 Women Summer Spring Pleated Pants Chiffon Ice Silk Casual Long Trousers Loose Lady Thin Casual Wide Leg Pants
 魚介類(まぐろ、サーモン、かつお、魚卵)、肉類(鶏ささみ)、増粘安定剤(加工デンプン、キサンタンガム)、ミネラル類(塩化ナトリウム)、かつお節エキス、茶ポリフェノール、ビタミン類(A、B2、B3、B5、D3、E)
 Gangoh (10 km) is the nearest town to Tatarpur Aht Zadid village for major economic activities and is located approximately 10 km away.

• • • •

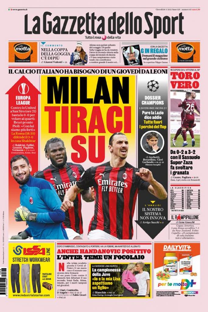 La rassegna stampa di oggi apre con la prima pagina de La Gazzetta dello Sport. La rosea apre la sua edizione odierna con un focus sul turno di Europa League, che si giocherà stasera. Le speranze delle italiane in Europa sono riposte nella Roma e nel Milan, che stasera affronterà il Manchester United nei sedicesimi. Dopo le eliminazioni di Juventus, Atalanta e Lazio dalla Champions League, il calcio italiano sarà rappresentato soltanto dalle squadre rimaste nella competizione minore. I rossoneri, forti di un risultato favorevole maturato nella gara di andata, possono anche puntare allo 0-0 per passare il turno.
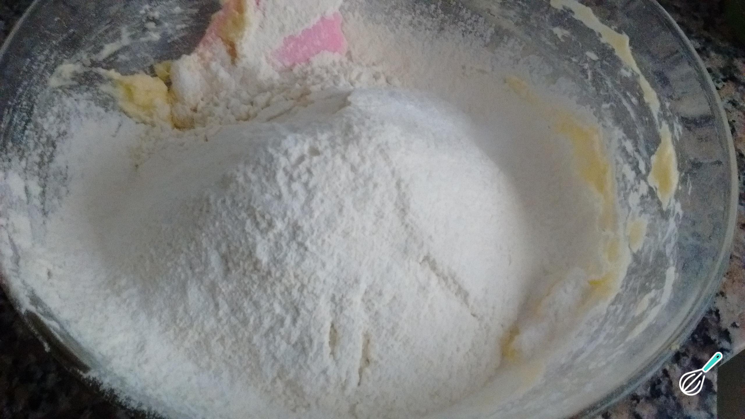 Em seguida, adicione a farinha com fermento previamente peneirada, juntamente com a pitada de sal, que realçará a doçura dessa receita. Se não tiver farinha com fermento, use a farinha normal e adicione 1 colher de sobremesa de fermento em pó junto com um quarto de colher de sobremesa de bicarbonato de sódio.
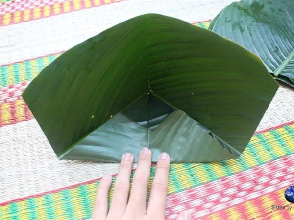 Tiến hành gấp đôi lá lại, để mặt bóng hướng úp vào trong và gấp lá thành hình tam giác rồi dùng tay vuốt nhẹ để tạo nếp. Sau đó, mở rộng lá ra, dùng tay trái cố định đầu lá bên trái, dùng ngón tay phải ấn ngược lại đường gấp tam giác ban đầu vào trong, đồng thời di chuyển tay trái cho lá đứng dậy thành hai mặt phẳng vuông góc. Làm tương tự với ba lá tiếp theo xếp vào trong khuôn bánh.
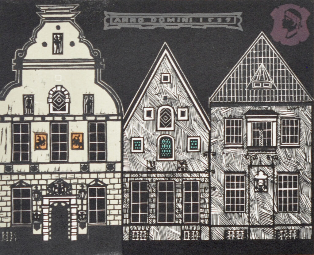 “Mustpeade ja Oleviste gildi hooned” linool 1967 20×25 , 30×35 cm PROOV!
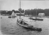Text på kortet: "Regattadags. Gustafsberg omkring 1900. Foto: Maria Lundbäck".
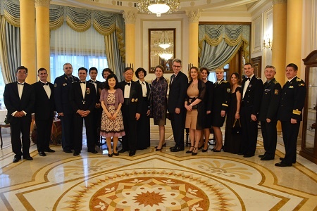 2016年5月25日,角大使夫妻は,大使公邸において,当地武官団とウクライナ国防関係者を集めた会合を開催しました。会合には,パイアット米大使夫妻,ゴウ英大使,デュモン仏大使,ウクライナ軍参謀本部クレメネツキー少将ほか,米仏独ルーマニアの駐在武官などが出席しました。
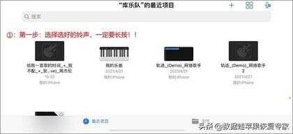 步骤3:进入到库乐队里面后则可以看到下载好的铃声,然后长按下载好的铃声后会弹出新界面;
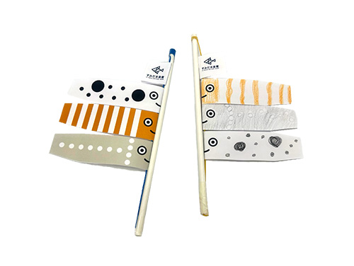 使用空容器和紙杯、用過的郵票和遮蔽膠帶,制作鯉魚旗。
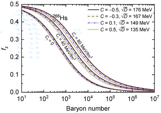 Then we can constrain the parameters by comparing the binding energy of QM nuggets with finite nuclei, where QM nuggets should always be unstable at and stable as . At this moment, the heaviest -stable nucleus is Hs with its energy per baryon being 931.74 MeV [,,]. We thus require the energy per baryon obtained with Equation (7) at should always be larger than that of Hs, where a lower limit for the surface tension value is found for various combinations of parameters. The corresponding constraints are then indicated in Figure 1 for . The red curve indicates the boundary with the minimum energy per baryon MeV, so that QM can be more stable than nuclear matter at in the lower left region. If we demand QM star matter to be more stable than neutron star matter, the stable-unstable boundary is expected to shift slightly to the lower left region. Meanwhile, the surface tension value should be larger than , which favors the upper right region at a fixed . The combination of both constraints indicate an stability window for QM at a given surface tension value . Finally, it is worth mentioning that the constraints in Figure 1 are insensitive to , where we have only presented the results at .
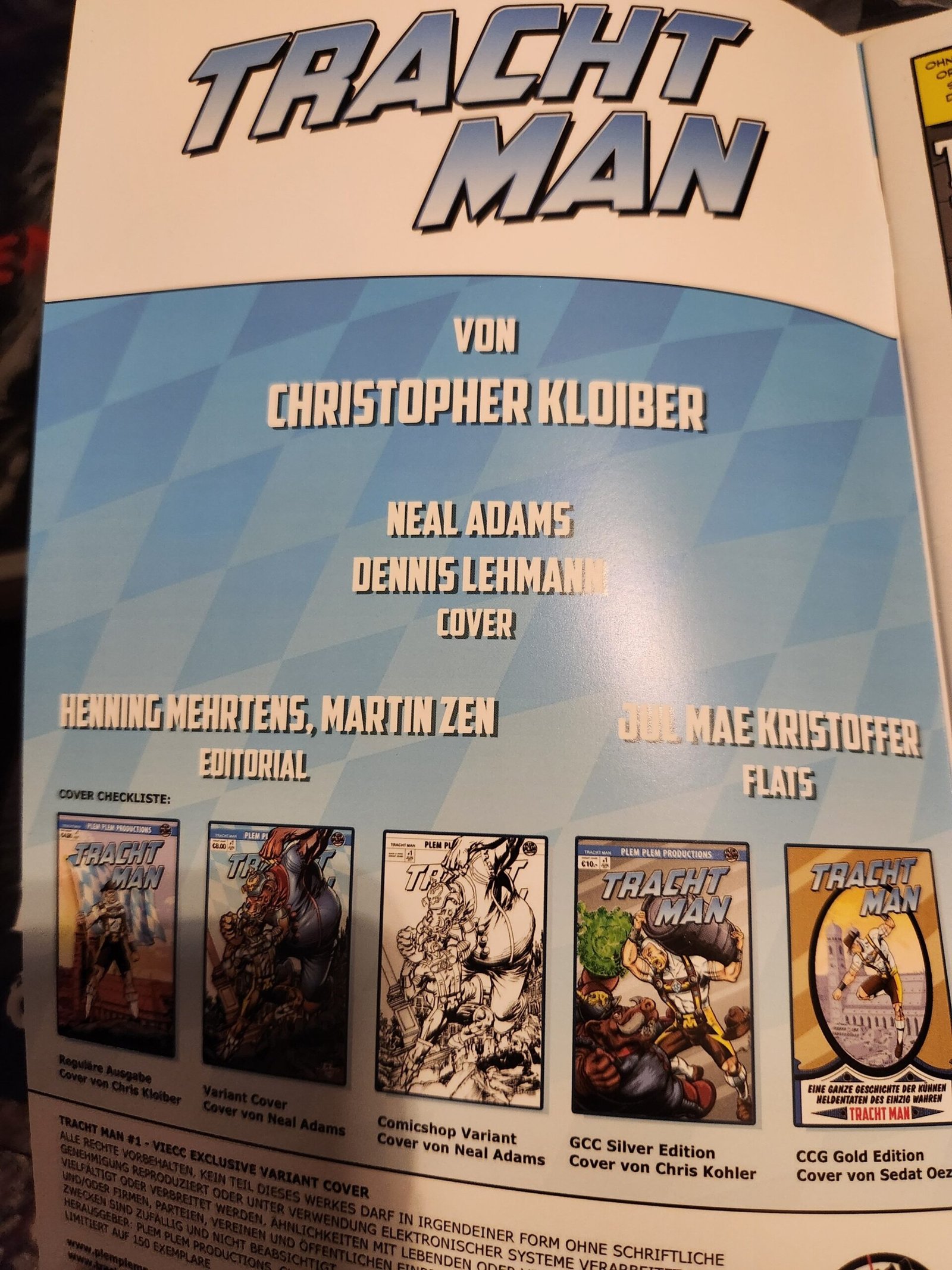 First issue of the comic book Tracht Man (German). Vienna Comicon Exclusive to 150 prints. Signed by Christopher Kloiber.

• • • •

Exercise brief — Take the lines above from the one containing "Women Summer Spring" to the one containing "Gangoh (10 km)" and retype them exactly, both ends included, with nothing added.

The completed task —
 Women Summer Spring Pleated Pants Chiffon Ice Silk Casual Long Trousers Loose Lady Thin Casual Wide Leg Pants
 魚介類(まぐろ、サーモン、かつお、魚卵)、肉類(鶏ささみ)、増粘安定剤(加工デンプン、キサンタンガム)、ミネラル類(塩化ナトリウム)、かつお節エキス、茶ポリフェノール、ビタミン類(A、B2、B3、B5、D3、E)
 Gangoh (10 km) is the nearest town to Tatarpur Aht Zadid village for major economic activities and is located approximately 10 km away.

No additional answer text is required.